Komplimente und gebrochene Herzen

Am Treffpunkt Schnapsstand kommt meine Freundin gut gelaunt an: Als sie sich vorhin Mandeln kaufte, sagte ein Mann zu ihr: „Du siehst wunderschön aus!“, dann ist er einfach weitergegangen.
Mir ist Ähnliches passiert. „Ruf deinen Freund an und sag ihm, was für ein glücklicher Mann er ist!“ – und weg war er. Auf der Wiesn wird geflirtet, angebandelt, rumgemacht, gegrapscht – und es werden, um ein bisschen Glück zu verbreiten, Komplimente verschleudert wie die Semmeln von gestern in der Bäckerei.
Gerade sind wir noch gerührt, weil das alles so nett ist, da bleiben zwei Herren stehen, um uns unverblümt zu fragen ob wir mit ihnen heimgehen, was wir dankend ablehnen. Wir machen lieber ein Foto mit den beiden Italienern, die nett darum gebeten haben. Die werden zwar sicher in der Heimat erzählen, wir wären mit ihnen mitgegangen, aber was soll’s.

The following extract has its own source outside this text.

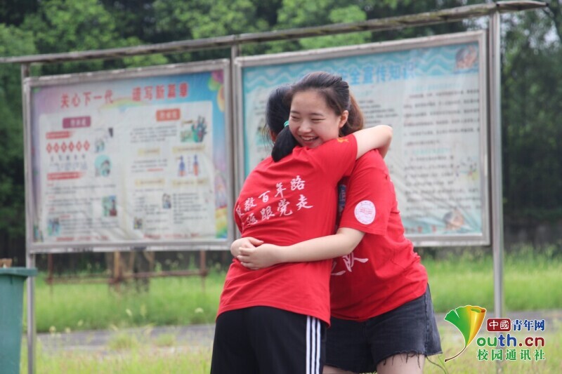 图为新航向·梦之队队员们拥抱在一起,互相鼓励激励彼此。中国青年网通讯员 邹诗琪 摄

Mehr von unserer Oktoberfest Kolumne: Und plötzlich im Halbdunkel
Ein junger Lederhosenträger bittet um zwei Zigaretten, die wir nicht haben, aber er nimmt dankend Tabak, um selbst zu drehen. Neben mir lässt er sich auf den Boden sinken und müht sich so lange ab, dass ich meine Hilfe anbiete. Aber er will es alleine schaffen. Als er die erste fertig hat, bietet er sie strahlend einem hübschen Mädchen an, das ihn gerade fragt: „Was machst du da?“ – „Ich hab’ dir eine Zigarette organisiert.“ Sie verdreht die Augen und geht. Mein Herz bricht stellvertretend mit. Er raucht die Zigarette selbst.
Am Zelteingang lehnt ein Mädchen und tippt so konzentriert eine Nachricht in ihr Handy, wie der Lederhosenträger Zigaretten gedreht hat. So konzentriert, dass es sich um einen schweren Fall von „don’t drink und text“ handeln muss, eine versoffene Nachricht an eine Ex-Liebe. Wie viele dieser Nachrichten von der Wiesn versendet werden, wird nicht erhoben – es müssen Hunderte sein.
Vor dem Rotor sitzt ein Pärchen, fertig mit der Wiesn, sie lehnen aneinander, oder sie stützt ihn. Schwer auszumachen. Vereint in ihrem Elend. Irgendwie rührend.